34 applicants including big players such as Warner Bros Entertainment, Disney Enterprises, Universal Pictures (Australia) and Twentieth Century Fox brought an action alleging that iiNet (an Internet Service Provider) authorises ‘infringement of copyright of its users or subscribers when they download cinematography films in a manner which infringes copyright.’
Justice Cowdroy dismissed the application finding that iiNet did NOT authorise the copyright infringements’ and this was for three key reasons:
- The copyright infringements occurred directly as a result of the use of the BitTorrent system and not by use of the internet itself;
- iiNet did not have the power to prevent the copyright infringements from occurring;
- iiNet did not ‘sanction, approve or countenance’ copyright infringement.
Essentially, because iiNet was merely an Internet Service Provider and did not provide the ‘means’ of infringement and because iiNet did not sanction the infringement, they could not be held liable for the actions of those who engaged in the illegal action.
This is one of the first, if not the first case worldwide to test and hear this issue.

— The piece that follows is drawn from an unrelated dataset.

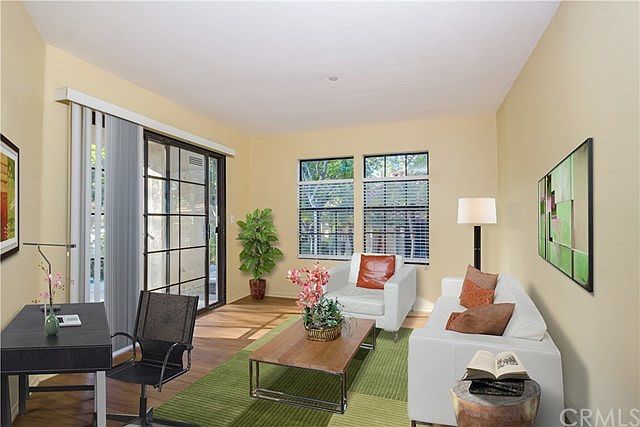 The owner now has a signed lease agreement. There are no showings. This one story, ground level, end unit condo is perfectly located just a few minutes from the beach. With ample windows and glass doors, the interior is bathed with abundant natural light. Both the generous-sized bedroom (which includes a walk-in closet) and living room have sliding doors that open to the intimate patio, from which you can hear the soothing sound of water cascading through the nearby community stream. Want to go for a swim or enjoy some relaxing time in the spa? In less than one minute, you can walk to the exceptionally beautiful pool and spa, which are surrounded by a picturesque rock-filled stream. Upgrades in this home include newer tile and high-quality vinyl plank wood-like flooring. (Vinyl plank wood is superior to and more costly than wood laminate). The water heater was recently replaced. Includes inside washer / dryer hookups. Tenant gets one parking space in addition to the one car garage. This is a well-maintained community that anyone would be proud to call home. Don't let this gem be the one that got away!

Internet Service Providers everywhere undoubtedly breathed a sign of relief when judgment was handed down on 4 February 2010.
The case was appealed by Roadshow Films but the appeal was dismissed by the Full Federal Court on 24 February 2011. The decision was not unanimous however. While Justice Emmett and Justice Nicholas agreed, in separate judgments, that the appeal should be dismissed, Justice Jagot came to the conclusion that the appeal should be allowed. Justice Jagot came to this conclusion on the basis that:
- the infringements were proven;
- iiNet authorised the acts constituting the infringements;
- iiNet is not entitled to rely on provisions in the Telecommunications Act or the safe harbour provisions in the Copyright act to defend of limit itself from liability.

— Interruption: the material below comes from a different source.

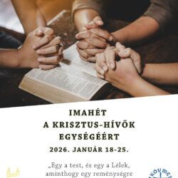Imahét a Krisztus-hívők egységéért 2026. január 18-25. „Egy a test, és egy a Lélek, aminthogy egy reménységre kaptatok elhívást is” (Ef 4,4) Január 17. szombat, 17.00 óra Református Kollégium Díszterme (Kálvin tér 16.) Ökumenikus ifjúsági ima alkalom Január 18. vasárnap, 17.00 óra Görögkatolikus Érseki Hivatal díszterme (Petőfi tér 8.) Igét hirdet: Asztalos Richárd evangélikus Read more about Imahét a Krisztus–hívők egységéért[…]

Further, Justice Emmett sated that:
“It does not necessarily follow from the failure of the present proceeding that circumstances could not exist whereby iiNet might in the future be held to have authorised primary acts of infringement on the part of users of the services provided to its customers under its customer service agreements.”
So while the decision stands for now, and while internet service providers everywhere can breathe a sigh of relief, the questions has to be asked, how long it will be before these providers will be challenged again? Or, if this task seems too difficult, who will the film companies target next?